Sum of the first 1507 square numbers

We define square numbers as numbers that when squared will equal a whole number. Thus, the list of the first square numbers starts with 1, 4, 9, 16, and so on.

What is the sum of the first 1507 square numbers, you ask? Here we will give you the formula to calculate the first 1507 square numbers and then we will show you how to calculate the first 1507 square numbers using the formula.
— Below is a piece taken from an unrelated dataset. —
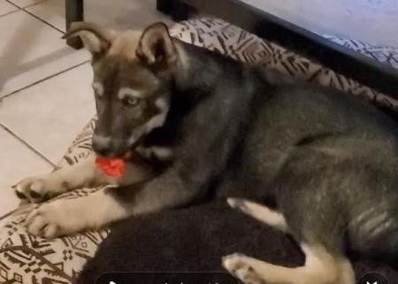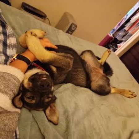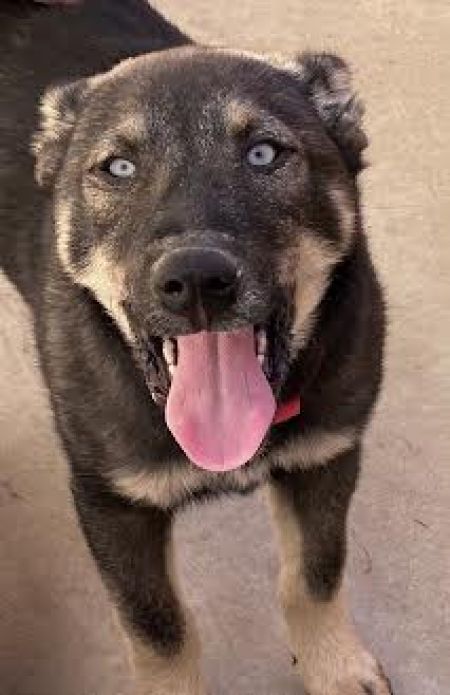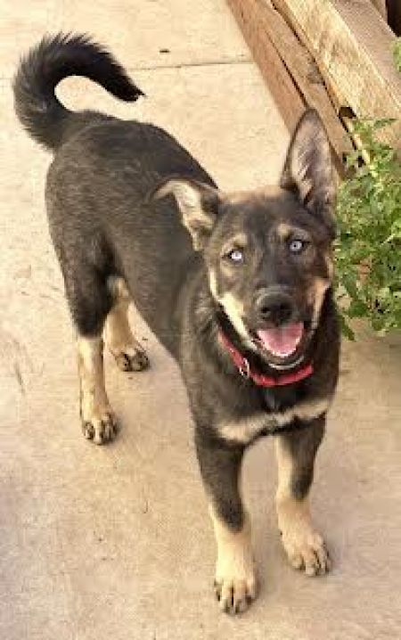 Hound running down the street in front of the Humane Society in Barstow. Good Samaritan found her, took her to the vet and got her first puppy vaccinations.

The formula to calculate the first n square numbers is displayed below:

		n(n + 1) × (2(n) + 1)
		6

To calculate the sum of the first 1507 square numbers, we enter n = 1507 into our formula to get this:

		1507(1507 + 1) × (2(1507) + 1)
		6

First, calculate each section of the numerator: 1507(1507 + 1) equals 2272556 and (2(1507) + 1) equals 3015. Therefore, the problem above becomes this:

		2272556 × 3015
		6

Next, we calculate 2272556 times 3015 which equals 6851756340. Now our problem looks like this:

		6851756340
		6

Finally, divide the numerator by the denominator to get our answer:

6851756340 ÷ 6 = 1141959390

There you go. The sum of the first 1507 square numbers is 1141959390.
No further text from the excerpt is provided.